Александр Смулянский, «Что же такое фаллос?».
Другими словами, «пол»(применение этого термина кажется теперь максимально условным), как фокус и напряжение отношений между физиологической спецификой организма, бессознательным и культурным паттерном, не может стать предметом какого-либо сиюминутного политического (социального, педагогического) решения и требования. Структура желания субъекта задается при погружении в речь, но не в речь «о
«… субъект пола, будучи результатом сексуации, определяется не «гендерными стереотипами», на которые постоянно с гневом обрушивается гендерная теория, а определенными отношениями с желанием, которое Лакан приписывает отцовской инстанции (что естественно неравнозначно желанию отца во плоти). Здесь обнаруживается слабое место гендерной теории: совершенно справедливо настаивая на том, что гендерные стереотипы «культурны», что они представляют собой нечто искусственное, гендерный теоретик в то же время не понимает, что их критика и даже возможный отказ от них не приведет к исчезновению полового различия в желании (каковое сам гендерный критик мыслит как угнетение, репрессию). Культурное выражение этих стереотипов действительно может быть до известной степени случайным — например, требование от мужчины нежной тонкости натуры в эпоху барокко или же мобилизационной мужественности в эпоху позднего модерна.
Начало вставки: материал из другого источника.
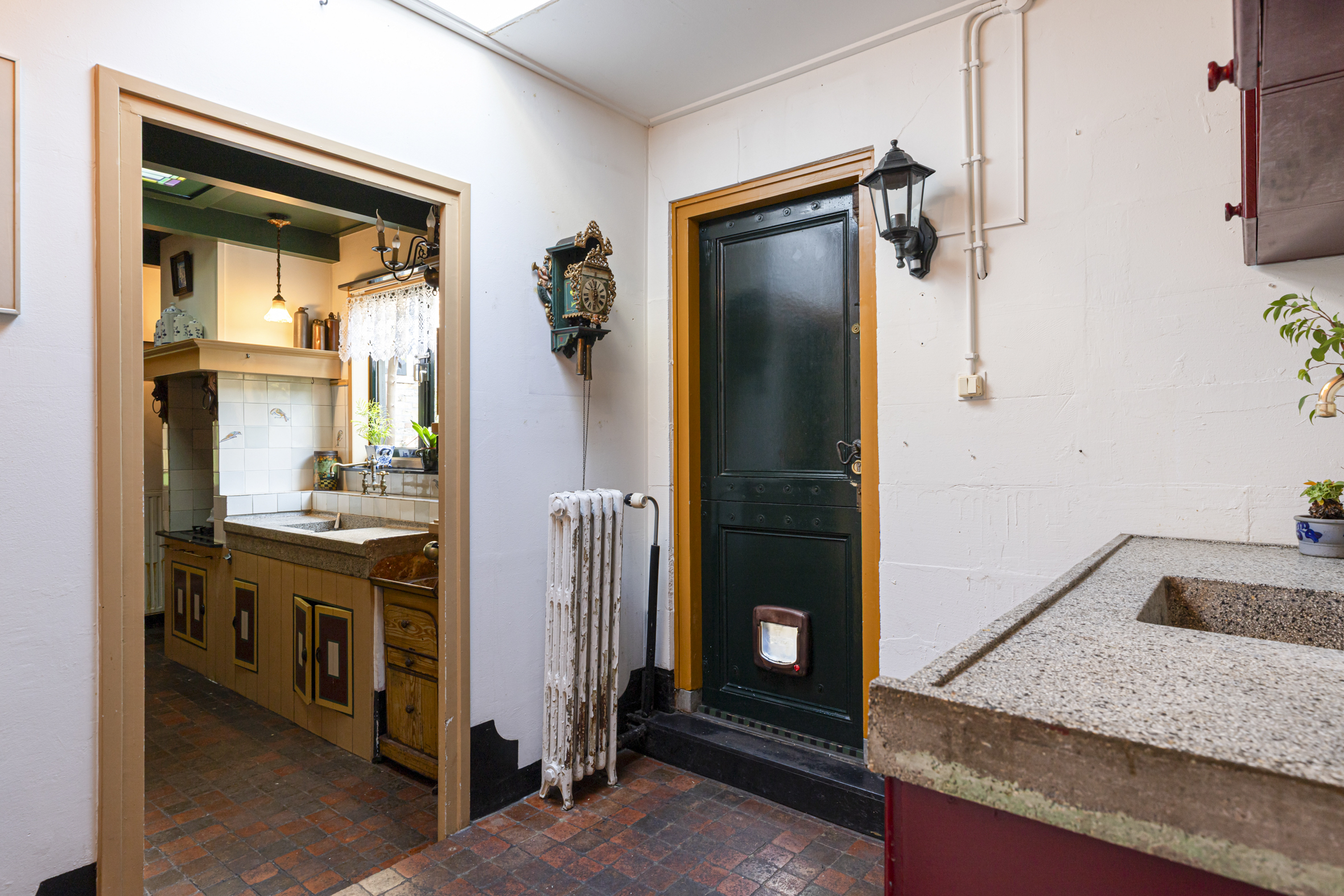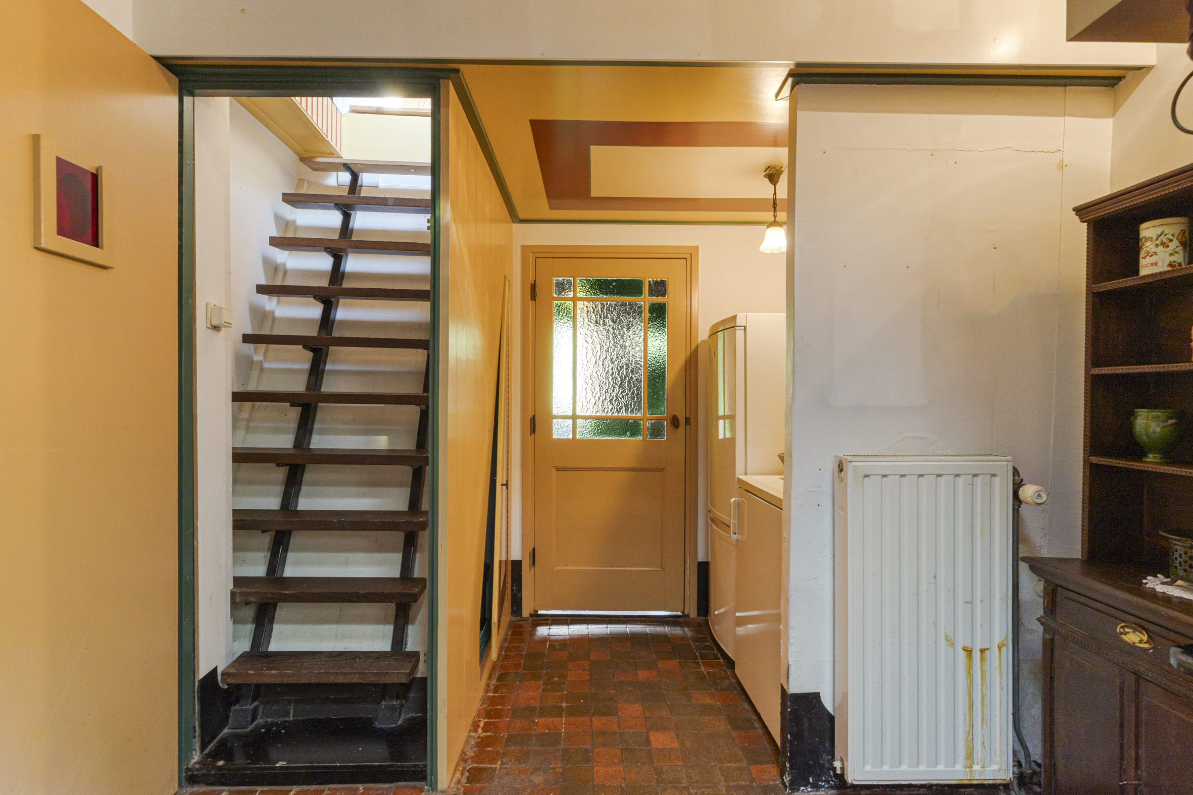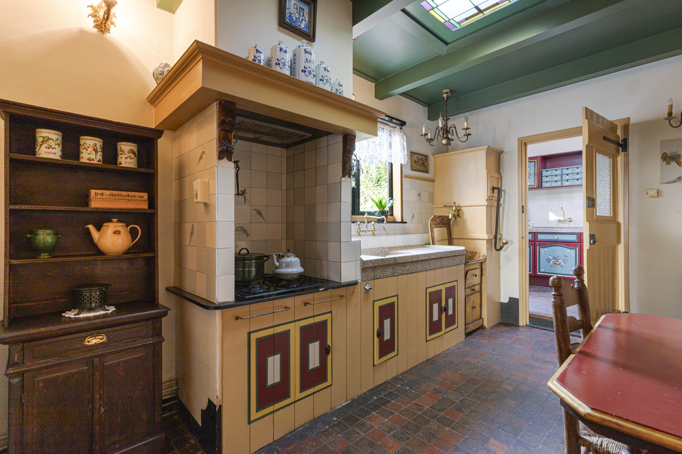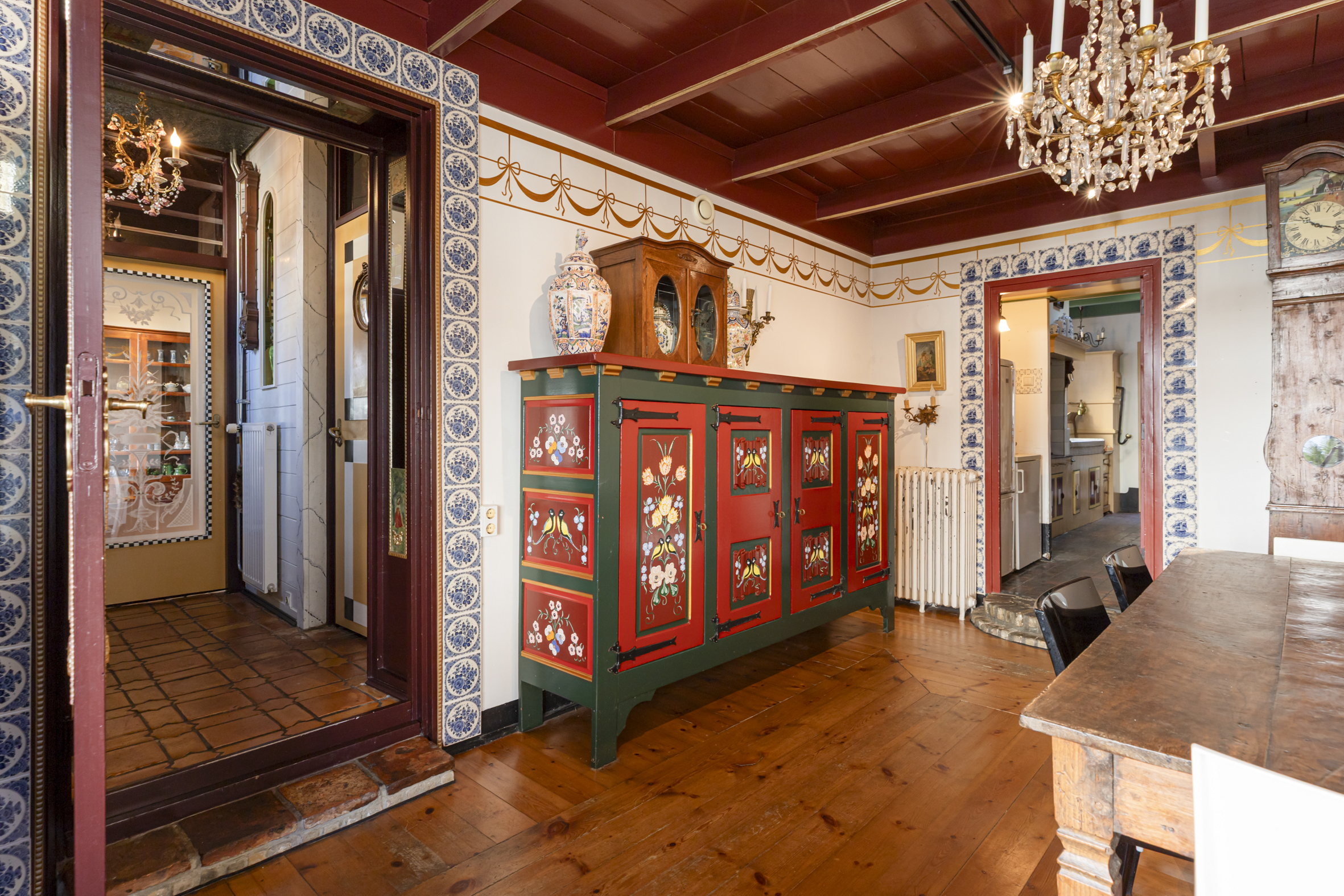 begane grond: entree, hal met meterkast en bijzonder Delftsblauw toilet. Aan de linkerkant bevindt zich de gezellige woonkamer met schouw en potkachel, een bedstee, balkenplafond en bijzondere tegelvloer. Open spiltrap naar de 1e verdieping. De ruimte aan de rechterzijde is in gebruik als eetkamer met eveneens een balkenplafond. Via 2 treden bereik je de sfeervolle keuken met veel authentieke elementen, zoals de schouw, de houten betimmering, het granito aanrechtblad en de tegelvloer. Trap naar de 1e verdieping. Via de keuken kom je in de bijkeuken met ook een granito aanrechtblad, een lichtkoepel, een lange gang en de deur naar de tuin.

Но общие принципы сексуации на базе отцовской метафоры остаются незыблемыми и борьба с видимыми стереотипами мужественности или женственности не приведет к возникновению «бесполого» (или «межполового»?) «синтетического человека будущего», на что наиболее радикальные представители гендерной мысли до известной степени рассчитывают.»
Александр Смулянский,
комментарий к настоящему тексту.
Если прибегнуть к наиболее понятной метафоре о предмете нашего текущего исследования, то можно сказать, что желание и культура состоят в симбиозе, где обе структуры существуют подобно биологическим видам-комменсалам. Культура, моделируя и паттернизируя свою структуру, которую мы в связи с методологической необходимостью привыкли описывать в социологических терминах, действует всегда исходя из тех семиотических инерций и флуктуаций, которые и до этого её детерминировали. Здесь мы выделяем то пространство, где аккумулируются стереотипы, практики и прочее «наследие», которое мы и ассоциируемым с культурой как таковой. Напротив, желание субъекта в этой гетерогенной структуре появляется не как производное тех самых внутренних пульсаций этоса (оно им, собственно, ничем не обязано), а как чуждый этой динамике феномен, порожденный самой структурностью культуры (языка) и вынужденный обитать в таком пространстве. Желание существует не испытывая «ни пользы, ни вреда» от такого соседства, когда как культура претерпевает перманентную реформацию в связи с тем, как структурировано желание в конкретном субъекте.